ColumnsThe Suffragist

‘The Night of Terror’ Leads to Women’s Suffrage

Women’s suffrage supporters picket the White House. (Photo courtesy of the National Park Service)

On March 3, 1913, the first massive organized march paraded down Pennsylvania Avenue in Washington D.C., right in front of the White House. It was for Women’s Suffrage, and it wouldn’t be the last time women would take a stand in front of “the people’s house.” Depending on the source, between 5,000 and 10,000 people participated in the march, which took place the day before President Woodrow Wilson’s inauguration. The message was clear: It was time to allow women to vote.

Meanwhile, in Charlotte during that same year, one teenage girl marched in a city parade holding an innocuous suffrage banner. It’s also around that time that women throughout North Carolina began creating their own suffrage groups, including here in the Queen City, thanks to the efforts of Anna Forbes Liddelle. There was even a special suffrage edition of The Charlotte Observer, and other newspapers in the state published serious articles on the topic.

And yet, by 1917, the state had only 175 members in some 20 suffrage clubs, according to North Carolina Making History, a book by Margaret Supplee Smith and Emily Herring Wilson.

Members of Charlotte suffrage groups were, according to several sources, usually the wives of wealthy business men and meetings were more like tea parties than rallies worthy of the “radical” label that others tended to thrust onto any Southern woman who dared fight for her right to vote.

The march in D.C. was a break in protocol for the suffrage movement, which, since the mid-1850s, had been prim and proper. It marked a decisive split between the old guard and the new. The younger women, led by Alice Paul, were ready to get into people’s faces while the older women were still trying, after 65 years, to reason with politicians.

Alice Paul raises a glass to the suffrage flag in September 1920.

By 1916, Paul made the break official when she created the National Women’s Party. In 1917, her group began daily silent protests in front of the White House. Day in, day out — rain, snow, sleet, heat — they were there. They became known as the “Silent Sentinels.” For two and a half years they did this, holding signs that read, “Mr. President, how long must women wait for liberty?” and “Mr. President, you say liberty is the fundamental demand of the public spirit.”

According to the U.S. National Park Service (NPS): “The women were harassed and beaten and were repeatedly arrested and jailed on charges of ‘obstructing traffic.’ The women were sent to the Occoquan Workhouse (a prison) in Virginia … (where) conditions were awful.”

 

When they refused to eat their mouths were forced open. When they clenched their jaws, tubes were forced into their noses and raw eggs and other foods were poured into their bodies. When they were released, they returned to the White House and stood with their signs and endured the taunts, abuse and arrests all over again.

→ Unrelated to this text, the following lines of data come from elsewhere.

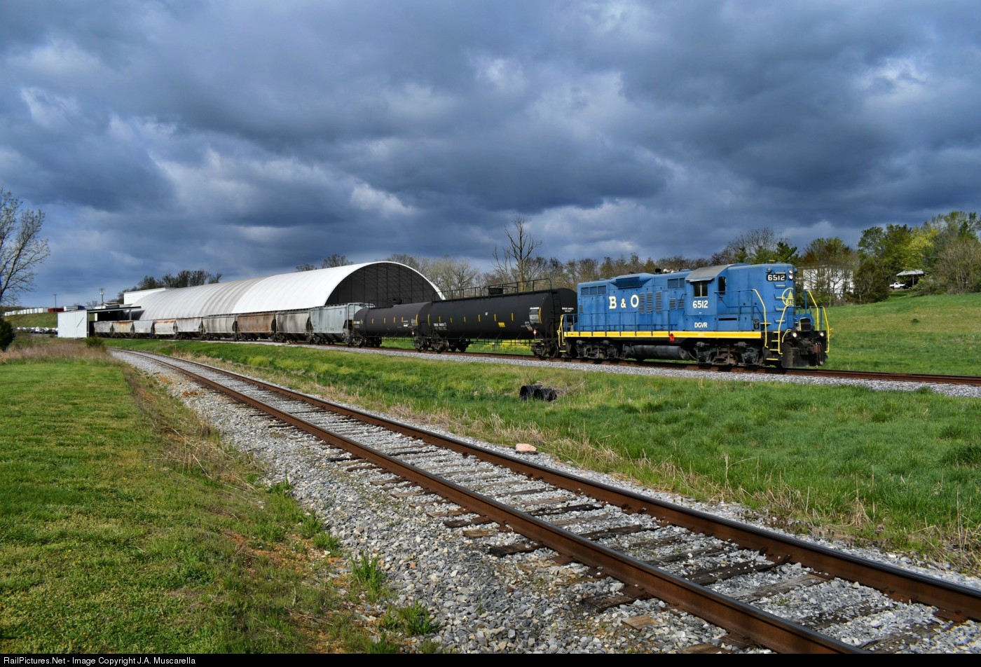 Good Friday and Storm lit B&O Blue! The Shenandoah Valley Railroad has a well known mix of unique power - my personal favorite is the B&O blue GP9. This power has been down for repairs for a little while but was recently put back in service. Thus, when I heard it was running on last weeks train, it was time for a "social distancing" trip to Staunton, VA. As usual, the crew made their morning run toward Weyers Cave and are seen here working Houff Corporation under a beautiful storm lit sky in the Shenandoah Valley. From here they would run around their train and continue back toward their yard, finishing up Good Friday work around noon.
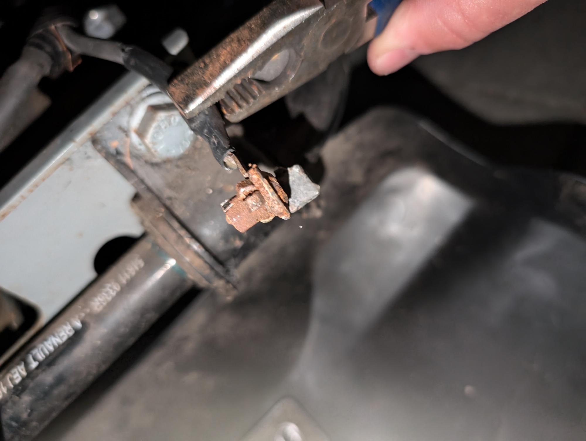 Mein minus Pol Kabel an der 12v Batterie ist einigermaßen kurz nachdem ich einen neuen Kabelschuh montieren musste. Der originale ist so durch gegammelt das ich ihn abkneifen musste.
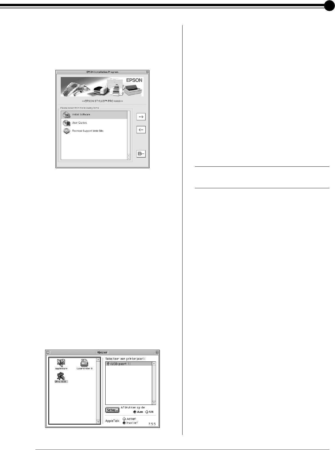 - 2. Schakel uw Macintosh in en plaats de cd-rom met de printersoftware die bij de printer is geleverd in de cd-rom-lezer. De cd-rom met EPSON printersoftware wordt automatisch geopend.

“Protesters faced daily violence from both passers-by and the police, including having their banners ripped from their hands and being physically attacked and arrested,” the NPS explains on its website. “The brutality with which the women were treated created enormous public support for suffrage.”

Finally, according to NPS, “In 1917, the superintendent of Occoquan ordered over 40 guards to attack the Silent Sentinels. Battered, choked and beaten, some to unconsciousness, the women described it as the ‘Night of Terror.’”

Once news of the extreme abuse became common knowledge, the public’s opinion of suffrage shifted. President Wilson had to relent, and in September 1918 he gave a speech urging Congress to pass the 19th Amendment to the U.S. Constitution, the ratification of which we celebrate the 100th anniversary of this year — no thanks to the North Carolina General Assembly, which didn’t vote to ratify the amendment until 1971.

In Wilson’s defense, he was a little busy with the 1918 influenza pandemic and World War I during the Silent Sentinel’s daily protests. However, in his speech, he finally acknowledged that women played a pivotal role in the war’s success, saying, “…we have made partners of the women in this war … Shall we admit them only to a partnership of suffering and sacrifice and toil and not to a partnership of privilege and right?”

On Feb. 29, The Washington Post published a profile titled “Miranda’s Rebellion.” In it, Southern women are credited as the linchpin in the 2020 presidential election.

“[Miranda] is 39, a high school English teacher with a PhD and part of a voting demographic whose rebellion could upend the political map of the country: not just suburban women, not just white suburban women, but white suburban women in the South, whose loyalty Trump will need to remain in power,” writes Stephanie McCrummen. “It’s the kind of loyalty that has always been expected of white Southern women, who have long played a role as allies of the status quo.”

But then again, anything could happen.